## [Task prompt]
Output, word for word, each line from the one with "Das Ganztagsangebot zeigte" through the end of the listing below, excluding every picture.

The data: Begin

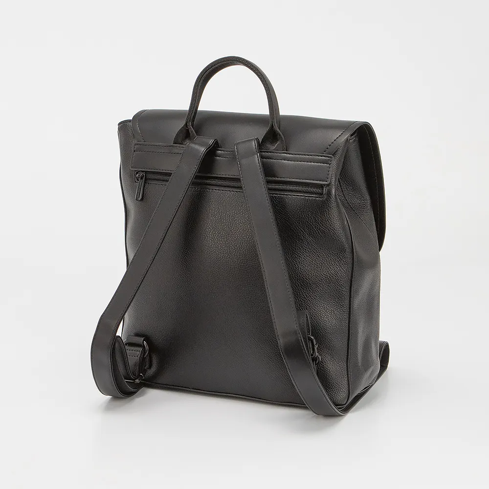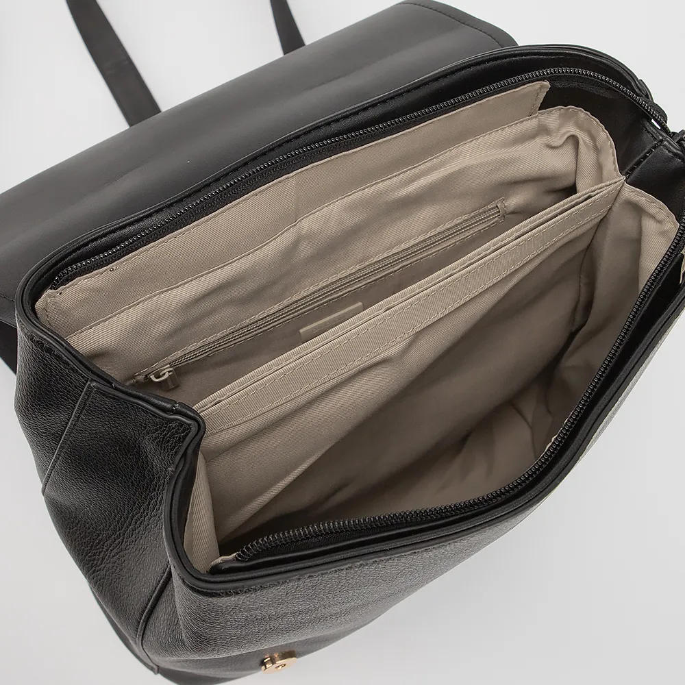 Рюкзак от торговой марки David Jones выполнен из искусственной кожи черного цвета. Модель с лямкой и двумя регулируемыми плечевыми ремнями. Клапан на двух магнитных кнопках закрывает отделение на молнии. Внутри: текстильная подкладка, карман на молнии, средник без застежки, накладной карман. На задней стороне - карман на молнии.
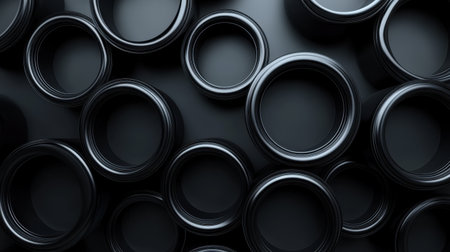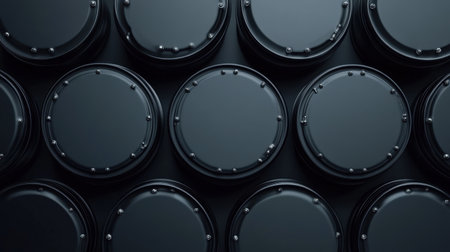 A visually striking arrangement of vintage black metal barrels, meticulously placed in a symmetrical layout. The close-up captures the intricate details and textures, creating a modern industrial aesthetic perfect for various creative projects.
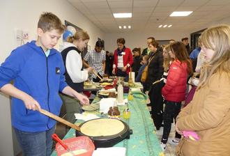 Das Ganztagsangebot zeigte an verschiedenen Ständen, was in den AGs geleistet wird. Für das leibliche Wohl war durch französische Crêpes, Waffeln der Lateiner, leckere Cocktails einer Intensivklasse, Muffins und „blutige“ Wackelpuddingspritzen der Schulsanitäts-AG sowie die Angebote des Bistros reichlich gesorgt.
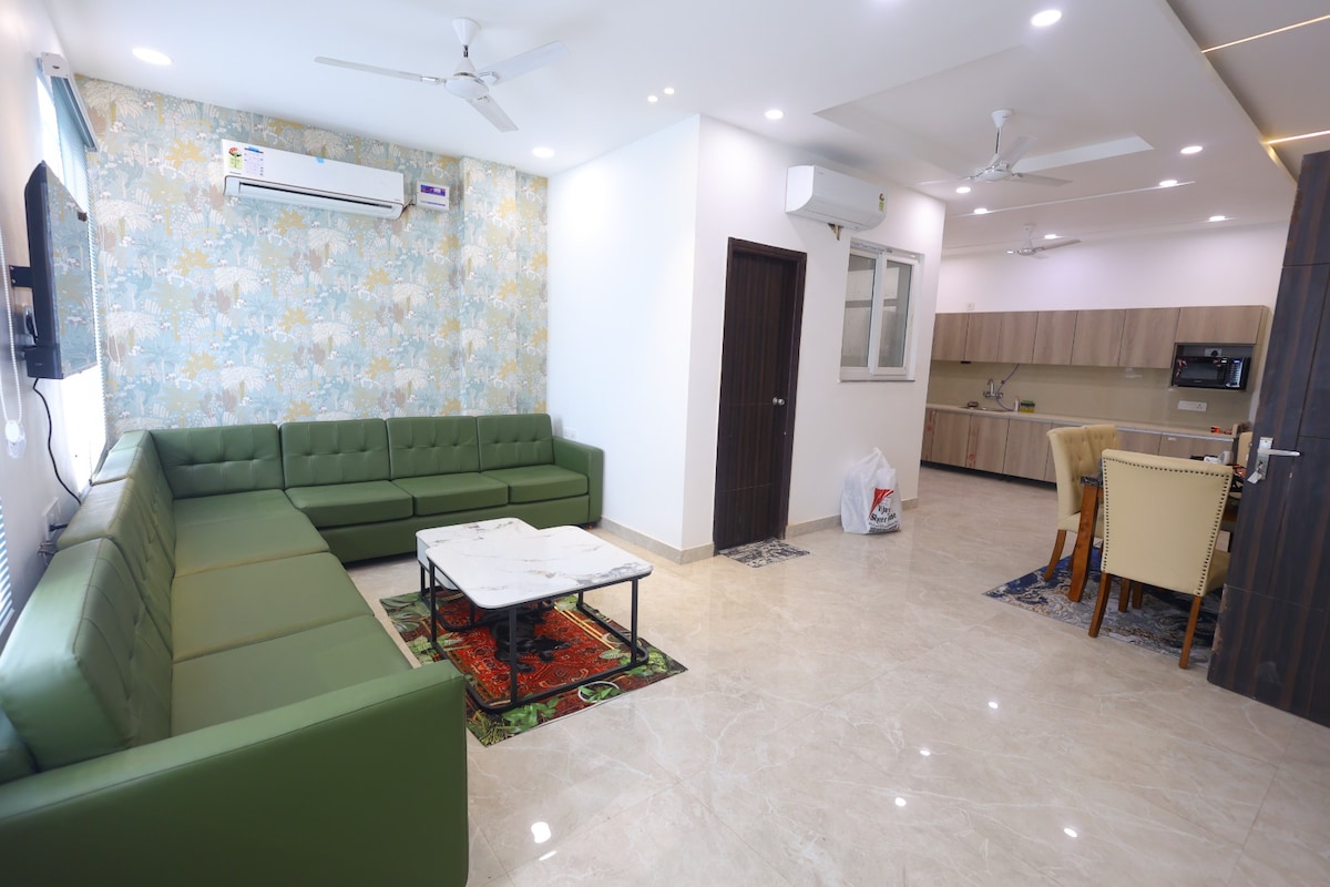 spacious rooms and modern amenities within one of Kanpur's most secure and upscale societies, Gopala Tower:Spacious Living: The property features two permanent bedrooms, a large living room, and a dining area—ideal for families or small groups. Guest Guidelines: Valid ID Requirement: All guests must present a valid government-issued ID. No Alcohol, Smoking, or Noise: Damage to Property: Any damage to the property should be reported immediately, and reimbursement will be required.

The data: End

## [Written solution]
 Das Ganztagsangebot zeigte an verschiedenen Ständen, was in den AGs geleistet wird. Für das leibliche Wohl war durch französische Crêpes, Waffeln der Lateiner, leckere Cocktails einer Intensivklasse, Muffins und „blutige“ Wackelpuddingspritzen der Schulsanitäts-AG sowie die Angebote des Bistros reichlich gesorgt.
 spacious rooms and modern amenities within one of Kanpur's most secure and upscale societies, Gopala Tower:Spacious Living: The property features two permanent bedrooms, a large living room, and a dining area—ideal for families or small groups. Guest Guidelines: Valid ID Requirement: All guests must present a valid government-issued ID. No Alcohol, Smoking, or Noise: Damage to Property: Any damage to the property should be reported immediately, and reimbursement will be required.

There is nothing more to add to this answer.